# Its sunny



## jojo (Sep 20, 2007)

The sun is out, the sky is blue and its almost warm!!!! at last!

Jo


----------



## SteveHall (Oct 17, 2008)

Spring is here!


----------



## Pasanada (Feb 5, 2008)

Can someone please explain to me what this "sun" thing is???????


----------



## jojo (Sep 20, 2007)

Pasanada said:


> Can someone please explain to me what this "sun" thing is???????

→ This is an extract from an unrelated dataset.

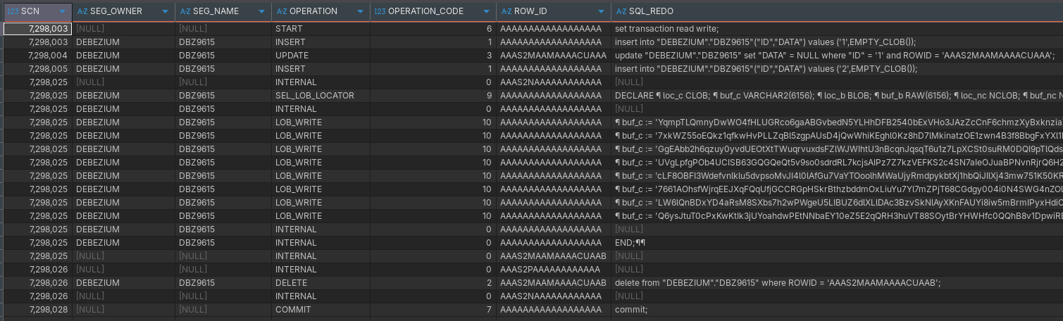 When we see the INSERT and UPDATE for ID=11, those will be merged, but the LOB consolidation process only focuses on the column values, not the event metadata, so the UPDATE is folded into the INSERT, and the INSERT is left with a ROW_ID of all As.

I was beginning to wonder myself!!! Its the big shiny, yellow ball in the sky that makes it lovely and warm. It hasnt been out in Alhaurin de la Torre for several weeks!!! So its a bit of a novelty!!! I came to live in Spain cos I thought I'd see more of it!!!?????

Jo


----------



## Pasanada (Feb 5, 2008)

Can't see it despite me looking hard for it.....just a never ending sea of grey here.....


----------



## Stravinsky (Aug 12, 2007)




----------



## SteveHall (Oct 17, 2008)

Gorgeous here - big shiny yellow ball which brings much light into my apartment


----------



## Pasanada (Feb 5, 2008)

Stravinsky, you're fast becoming my fav Mod.....after Elphaba, of course!! lol 

Steve, I shall be back in Britsville in less than a week.....ensure you keep some of that lovely bright sunshine for me....failing that, cafe con leche would suffice!


----------



## Stravinsky (Aug 12, 2007)

Pasanada said:


> Stravinsky, you're fast becoming my fav Mod.....after Elphaba, of course!! lol


Thats the view from my balcony






Just going for a swim







(NOT)


----------



## Pasanada (Feb 5, 2008)

Steady on, we could have a falling out....... lol


----------